Exercise goal =
Every line of the data below must be output exactly, with images left out.

Provided data =
>>>
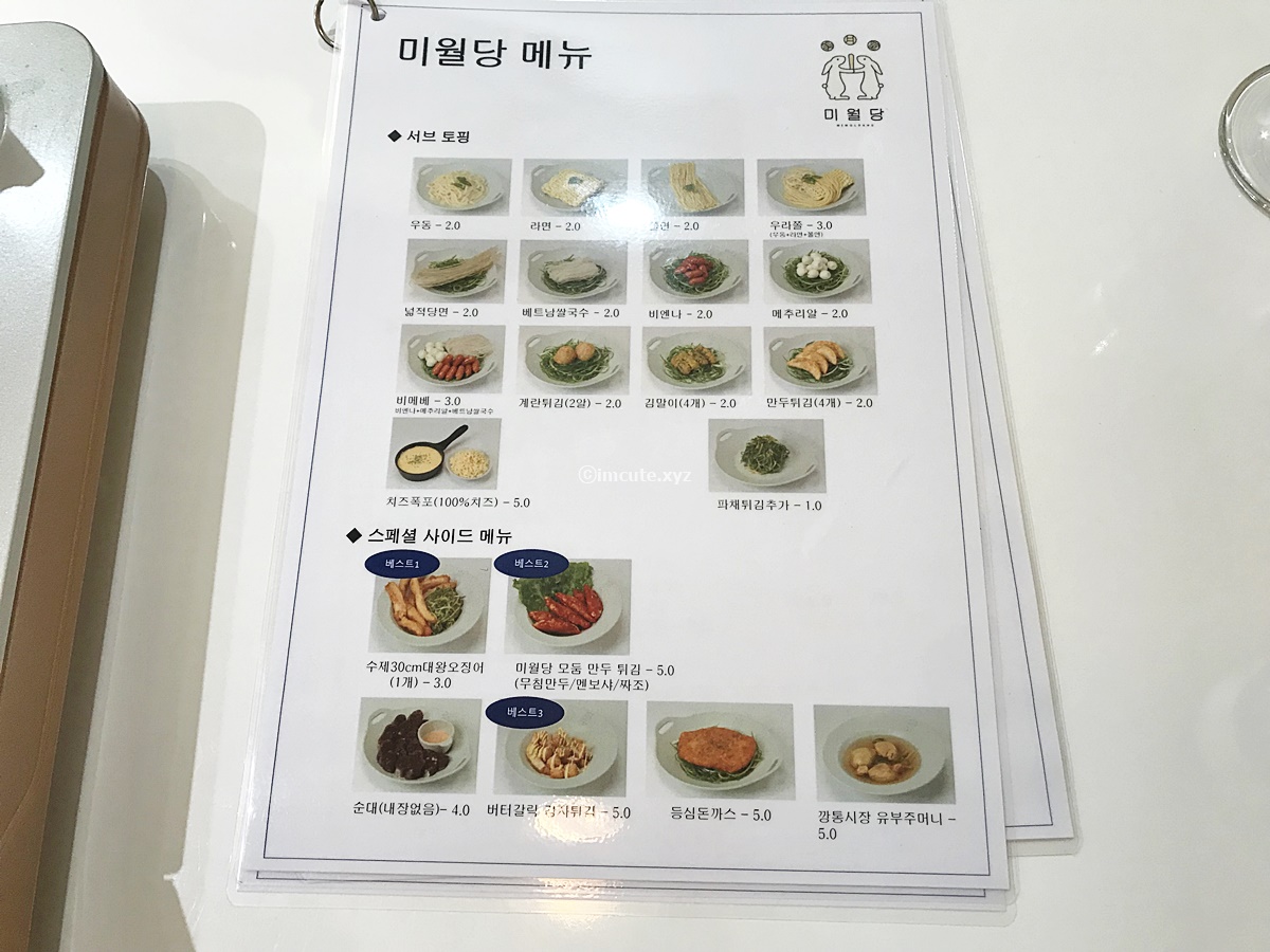 서브 토핑도 여러가지가 있었는데요 우라쫄이 정말 맛나 보이더라고요. 우동+라면+쫄면이라니 . 잡작당면도 먹고싶고 베트남 쌀국수도 땡겼는데 참았어요. 스페셜 사이드 메뉴로 대왕오징어 튀김을 골랐는데요 무려 30cm이라 하니 엄청나죠?
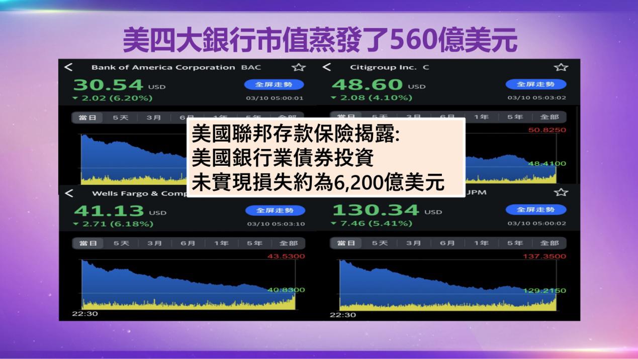 摩根大通(JPMorgan Chase & Co.)、美國銀行(Bank of America)、富國銀行(Wells Fargo)、花旗(Citigroup)分別重挫5.41%、6.20%、6.18%、4.10%。
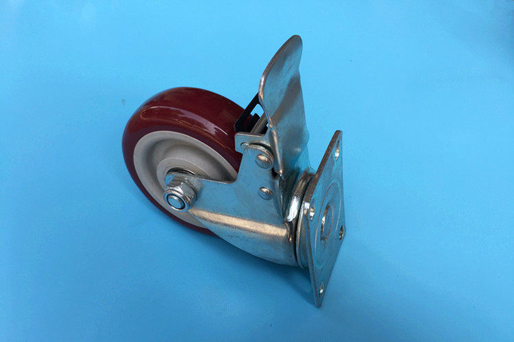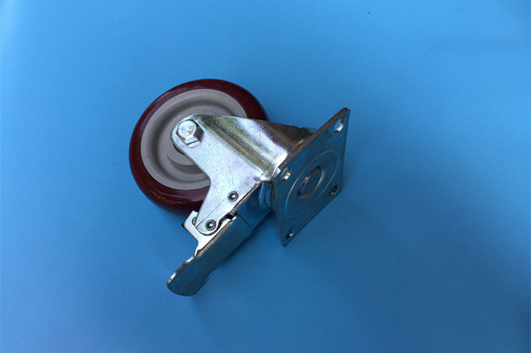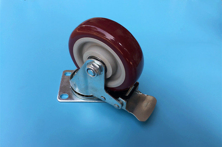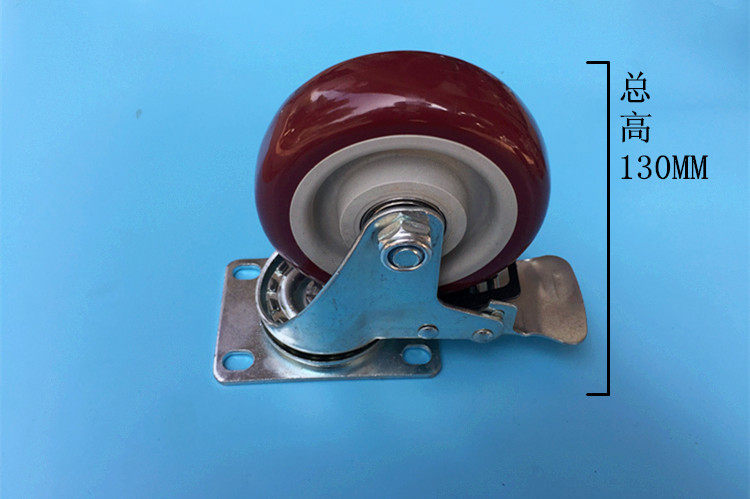 4 inch jujube red casters polyurethane with brake universal wheel silent heavy-duty flatbed trolley wheel
<<<
Written solution =
 서브 토핑도 여러가지가 있었는데요 우라쫄이 정말 맛나 보이더라고요. 우동+라면+쫄면이라니 . 잡작당면도 먹고싶고 베트남 쌀국수도 땡겼는데 참았어요. 스페셜 사이드 메뉴로 대왕오징어 튀김을 골랐는데요 무려 30cm이라 하니 엄청나죠?
 摩根大通(JPMorgan Chase & Co.)、美國銀行(Bank of America)、富國銀行(Wells Fargo)、花旗(Citigroup)分別重挫5.41%、6.20%、6.18%、4.10%。
 4 inch jujube red casters polyurethane with brake universal wheel silent heavy-duty flatbed trolley wheel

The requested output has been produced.